Exograph is built around one principle: storage and indexes are advisory; ExAST remains the semantic authority for structural matches.
Components
- ExAST extracts structural terms, comments, symbols, and verifies patterns
- ExDNA provides structural fingerprints for fragments and similarity search
- Reach optionally extracts call graph facts
- Ecto-backed DuckDB/QuackDB storage persists normalized files, fragments, facts, package scope, and graph facts
- DuckDB FTS/BM25 can accelerate text retrieval
Indexing pipeline
source files
├── ExAST extractor
│ ├── fragments
│ ├── comments
│ ├── definitions
│ └── references
├── Reach extractor (optional)
│ ├── graph nodes
│ └── call edges
└── DuckDB/QuackDB storage
├── files
├── fragments
├── facts
└── package/version scopeFor Hex.pm indexing, an outer streaming loop wraps the pipeline:
Hex registry
└── for each package (concurrent, bounded)
├── download tarball (HTTP, mirror round-robin)
├── detect Elixir files (skip non-Elixir before disk write)
├── extract to tmpdir
├── indexing pipeline (above)
└── rm -rf tmpdirStorage model
Exograph.Index separates execution by concern:
- inverted index: structural term candidate retrieval from normalized DuckDB rows
- fragment store: AST blobs, ExDNA hashes, symbols, and file joins
- source files: source text and aggregated comment text stored once per file
- code facts: normalized comments, definitions, references, graph nodes, and call edges
- tree access: derived lazily from stored AST fragments
- verifier:
ExAST.Pattern/ExAST.Query - similarity: ExDNA structural reranking
Query execution
Structural queries are planned into candidate retrieval plus verification:
ExAST selector
├── required/advisory terms
├── DuckDB candidate scan
├── hydrate fragments/source
└── ExAST verificationDSL queries add relational candidate filters before structural verification:
Exograph.DSL.Query
├── Exograph.DSL.Plan validation
├── Ecto query over fragments/facts/calls
├── containing-function join semantics
└── ExAST verification for fragment matchesLateral joins for line-range containment
The "containing function" join — find the def that contains a given fragment at line N — uses a SQL LATERAL subquery rather than a self-join.
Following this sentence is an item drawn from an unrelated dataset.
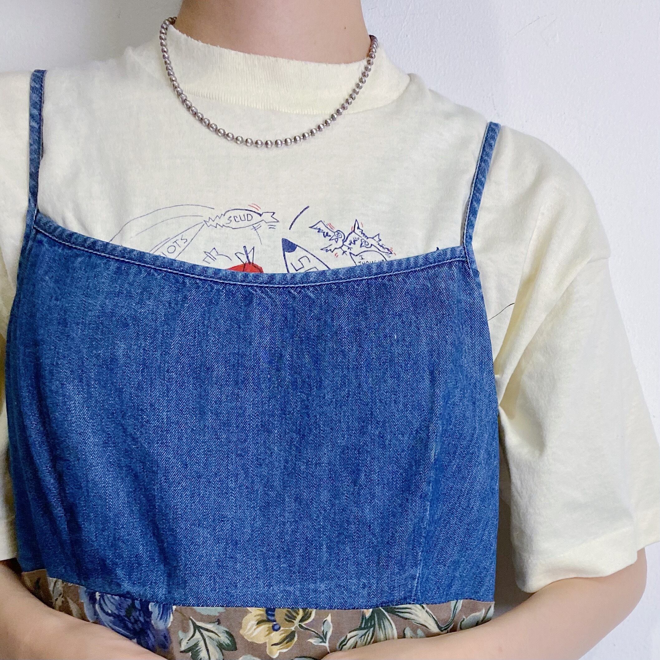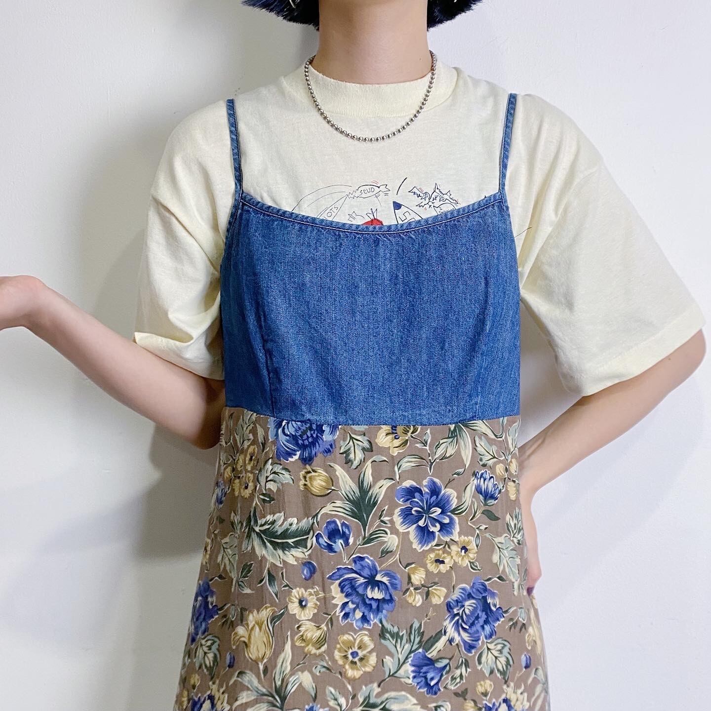 デニムと花柄のセパレートデザインが可愛いキャミワンピースです。

The lateral join evaluates the subquery once per outer row and uses the (file_id, line, end_line) index to locate the enclosing fragment in O(log n) per row. This keeps the containing-function semantic available without materializing a closure table.
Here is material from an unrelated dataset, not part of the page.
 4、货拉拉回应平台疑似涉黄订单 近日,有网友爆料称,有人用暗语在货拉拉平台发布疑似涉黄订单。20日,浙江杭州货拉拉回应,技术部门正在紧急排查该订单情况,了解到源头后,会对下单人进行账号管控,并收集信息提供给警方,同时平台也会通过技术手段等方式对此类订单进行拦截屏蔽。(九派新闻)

(kind, name, arity) btree index
Most structural patterns extract kind, name, and arity at query planning time (e.g. def handle_call(_, _, _) do ... end → kind=def, name=handle_call, arity=3). A btree index on (kind, name, arity) on the fragments table lets these queries bypass broader term scans and go to a targeted range scan, which is significantly faster at high fragment counts.
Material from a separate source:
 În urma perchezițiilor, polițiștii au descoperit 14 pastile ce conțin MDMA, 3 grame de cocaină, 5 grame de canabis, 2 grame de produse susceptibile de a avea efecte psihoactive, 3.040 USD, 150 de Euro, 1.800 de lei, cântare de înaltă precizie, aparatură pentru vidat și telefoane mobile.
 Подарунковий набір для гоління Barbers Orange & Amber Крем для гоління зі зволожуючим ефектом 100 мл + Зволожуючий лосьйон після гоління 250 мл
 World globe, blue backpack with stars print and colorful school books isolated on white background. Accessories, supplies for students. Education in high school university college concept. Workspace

File-first text search with lateral fragment lookup
Text and regex search operate file-first rather than fragment-first:
text query
├── scan files.source with DuckDB text/regex search
├── collect matching file IDs
└── LATERAL join: for each file, find fragments containing the match lineThis avoids storing duplicated source text per fragment and keeps files.source as the single source of truth. The lateral join uses the (file_id, line, end_line) btree index to locate the containing fragment efficiently.
Sharded DuckDB
For large Hex.pm corpora, Exograph can index independent DuckDB shard files and query them through %Exograph.ShardedIndex{}. Sharding is explicit because it changes some global semantics: deduplication, ranking, and result pagination happen per shard before merge.
Raw SQL boundary
Exograph uses Ecto where possible. Raw SQL remains only where DuckDB/QuackDB or Ecto cannot expose a needed primitive directly, such as schema/index DDL, table rewrites, extension setup, or bulk-load operations.